I. Le conflit intérieur (v.1 à 30).
Rodrigue est en plein conflit : monologue à tonalité lyrique avec modification du système des rimes et du mètre ; le spectateur entend un long poème par lequel le héros chante sa douleur.
Il y a également des répétitions : « Ô Dieu l’étrange peine » à chaque strophe ainsi que Chimène, dernier mot de chaque paragraphe.
On peut y apercevoir le champ lexical de l’amour au vers 7, 12, 13, 15, 21 et 35.
Il y a de nombreux superlatifs soulignant l’intensité de la douleur au vers 5-6, 17 et 23. Le héros est prostré et incapable d’agir : « Je demeure immobile » (v.5).
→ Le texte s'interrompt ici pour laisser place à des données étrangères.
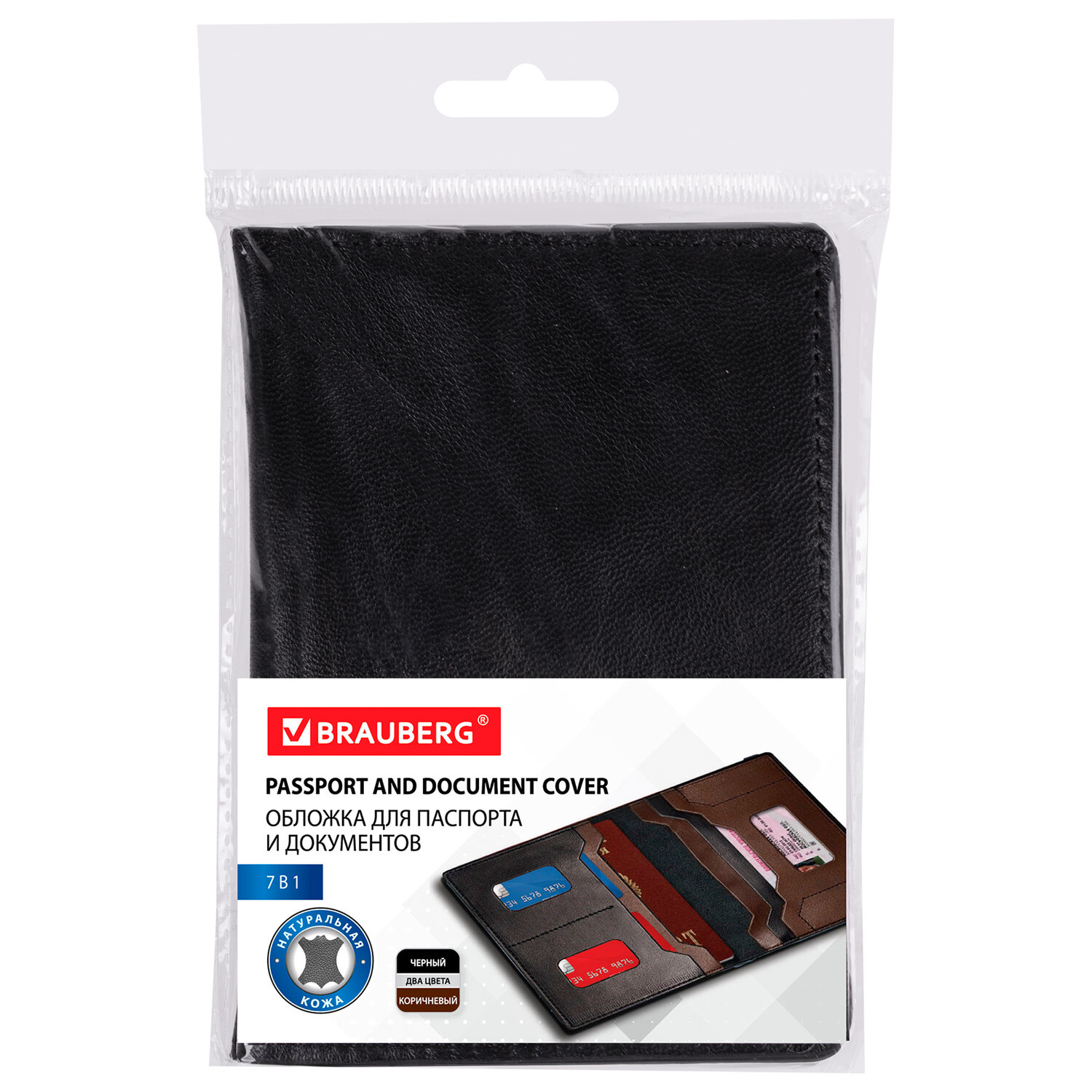 Обложка для паспорта и документов 7 в 1 натуральная кожа, без тиснения, черная, BRAUBERG Код товара: 238196 649,91 ₽ Купить Производитель:BRAUBERG Обложка для паспорта BRAUBERG станет прекрасным подарком, который защитит документ от изнашивания и загрязнения и придаст ему респектабельный вид. Модель выполнена из натуральной кожи насыщенного чёрного и тёмно-коричневого цветов. На внутреннем развороте расположены кожаные карманы, которые вмещают не менее 7 документов и предназначены: для паспорта, для водительских прав нового образца, для документов (СНИЛС, СТС и др.), а также кармашки для карт. Благодаря большому количеству карманов для документов и компактному размеру 105х140 мм обложку удобно всегда носить с собой. Упакована в пакет с европодвесом. Данный товар обладает высоким качеством по приемлемой цене.Производство: РоссияМатериал: натуральная кожаСерия: нетТиснение: нетРасположение: вертикальноеКоличество карманов из кожи: 7 шт.Длина: 140 ммШирина: 105 ммЦвет: черный/коричневыйВес: 50 грРазмер упаковки: 0.8 × 14.5 × 11.3 смОбъём: 0.0002 м3Промежуточная упаковка: 160 штТранспортная упаковка: 160 штШтрих-код: 4606224394039 Сертификат-1.jpg Сертификат-2.jpg Сертификат-3.jpg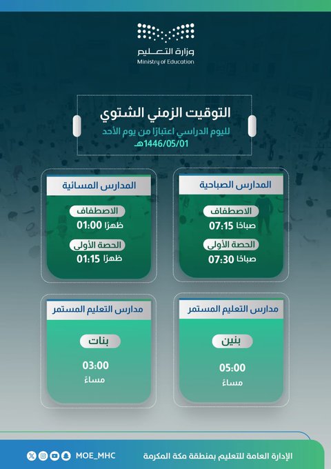 اعتمدت الإدارة العامة للتعليم بمنطقة مكة المكرمة مواعيد الدوام الشتوي للعام الدراسي الحالي، على أن يبدأ تطبيقه اعتبارًا من أول أيام شهر جمادى الأولى للعام الحالي.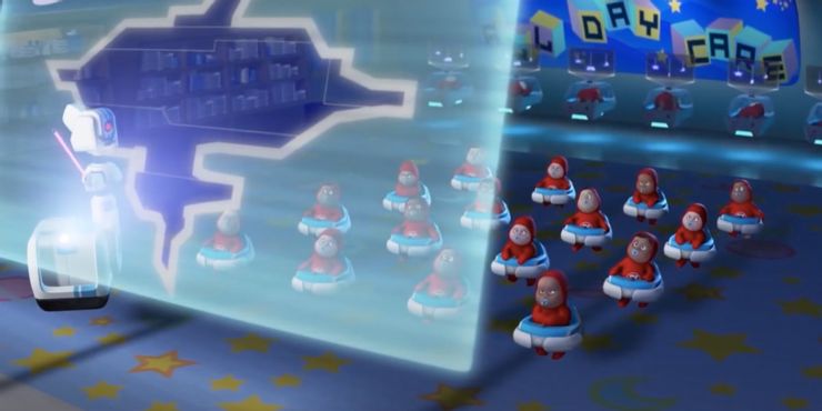 Es una idea espeluznante, especialmente considerando lo extrañamente sin vida que son los Nannybots y cómo podrían potencialmente convertir a los niños en consumidores inútiles y formar parte del sistema Axiom y Buy-n-Large.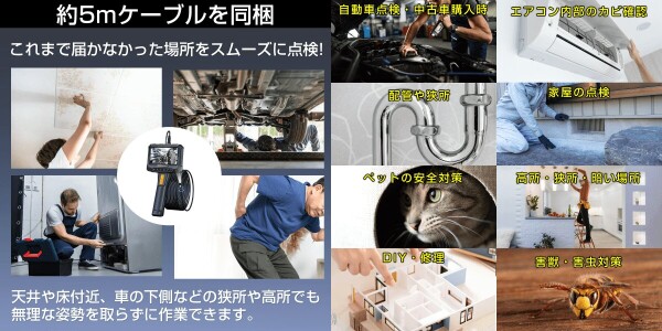 【高所・狭所・暗い場所】手の届かない、目の届きにくい場所の確認に最適。

L’alternative tragique qui s’impose à lui est maintes fois reformulée, ce qui traduit l’impasse dans laquelle Rodrigue est emprisonné : v. 7, 13, 15, 19-20, 24.
Il y a des antithèses telles que juste / injuste ; punir / impuni ; offensé / offenseur, mais également des parallélismes : l’un / l’autre aux vers 14, 24, 34-35, 35-36, des oxymores : aimable tyrannie ou cruel espoir, des phrases interrogatives telles que v.19-20 ou 29-30.
La stance suivante commence par une expression (il vaut mieux) qui indique que Rodrigue a pris une décision, laquelle ?
II. La tentation de la fuite dans le suicide (v.31 à 46).
Il choisit le suicide car il est incapable de choisir entre son père et Chimène : « Je dois à ma maîtresse aussi bien qu’à mon père » (v.32).
Mais un héros tragique ne peut agir ainsi ; de plus la religion chrétienne interdit le suicide et un tel dénouement est donc exclu. Les infinitifs délibératifs de la stance suivante indique que Rodrigue reconsidère sa décision en s’affirmant davantage (ma répété).
Il est désormais proche du seul choix compatible avec son double statut de noble et de héros.
III. La prise de décision libératrice (v.47 à 60).
Désormais, Rodrigue est capable de faire passer son père avant sa maîtresse ; il exprime non plus sous la forme interrogative mais injonctive ; le premier mot de la dernière stance est éloquent : oui ; Rodrigue accepte ce qu’il refusait : il fait le choix que son père et le public attendent de lui et mérite ainsi l’admiration et de la pitié, ce qui est le propre du héros tragique.
Conclusion
L’indécision du héros avait arrêté l’action ; le temps qu’il a pris pour exprimer sa souffrance et sa faiblesse le rendent plus humain aux yeux des spectateurs. Par ailleurs, ce temps de réflexion lui a permis de se décider, ce qui est le propre d’une délibération : l’action tragique est donc relancée.